Even laissez-faire advocates agree with some minimal level of regulation (e.g., court system guaranteeing certain economic and other individual unalienable/enumerated rights and public safety). The issue that we have is regulations typically impose expensive constraints on business activities. Businesses must be able to, at minimum, cover their costs, including taxes, regulatory compliance costs, etc. Those of us who are laissez faire first want to ensure that regulation is necessary; if necessary, we want to determine at what point regulation is sufficient. At that point, additional regulations simply exacerbate costs. It's like healthy eating: we eat to the point our appetites are satiated; additional unnecessary calories are simply converted to fat. Obama's deregulation allegation is like accusing conservatives of arguing that dieting is always good. Dieting is a problem if a person is underweight or at a healthy weight. But we are a long way from a lean federal government.

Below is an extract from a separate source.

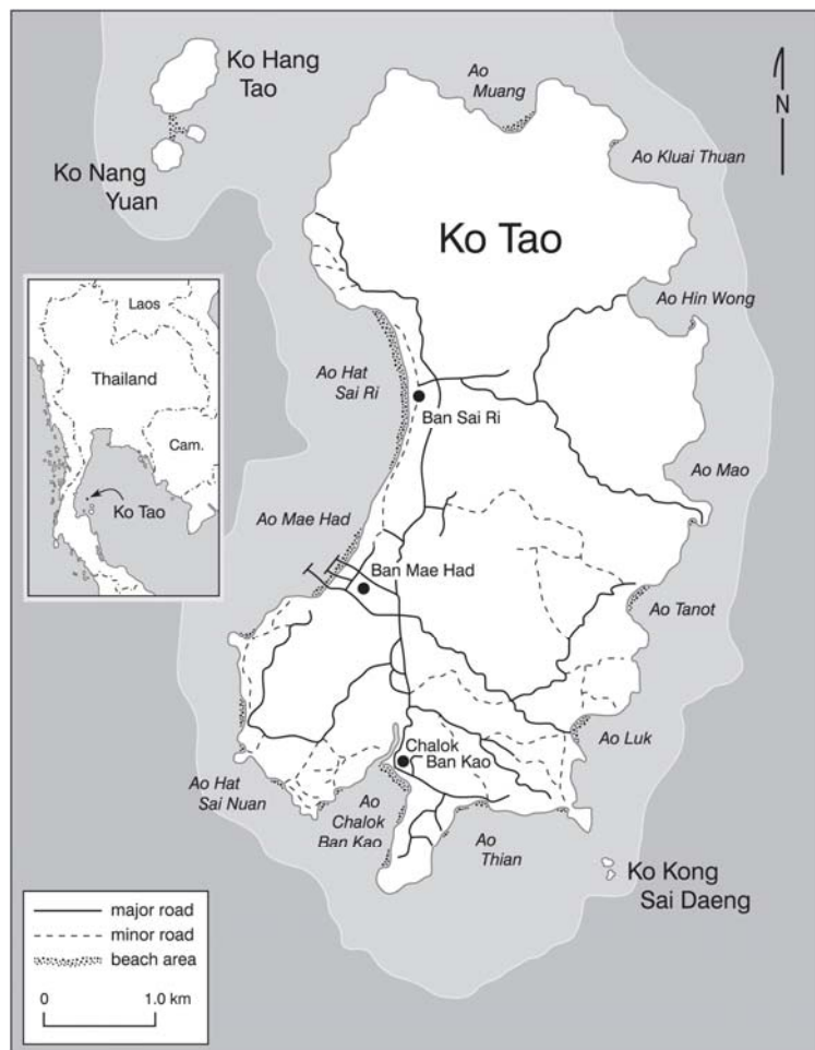
Figure 1. Koh Tao study area

The island is dominated by granitic hills that rise up to 379 m above sea level and a coastline containing small bays and coves separated by rocky granitic headlands (TISTR, 1995). Due to its relative isolation in the Gulf of Thailand, Koh Tao was uninhabited until the early 1930's when the Thai government incarcerated political prisoners on the island. Use of the island as a prison was discontinued in 1944 and the first settlers arrived in 1947 when fisherman and farmers arrived from the nearby islands of Koh Phangan and Koh Samui. These early settlers and their descendants lived in relative isolation for forty years until the

Obama's speech was the usual partisan crap, a clear departure from reality. Just because McCain failed to answer Obama's baseless charges of  McCain's "deregulation-run-amok" policies during the campaign, let us remember McCain's real record on enacted, supported or sponsored legislation:
  • campaign finance regulations
  • patient bill of rights
  • the climate stewardship act
  • for Medicare prescription drug price setting
  • against capping CAFE standards
  • against drilling in ANWR
  • supported Sarbanes/Oxley 
Obama also hadn't noticed John McCain wanted to go after organized baseball over steroids and has recently come out for federal meddling with the boxing profession.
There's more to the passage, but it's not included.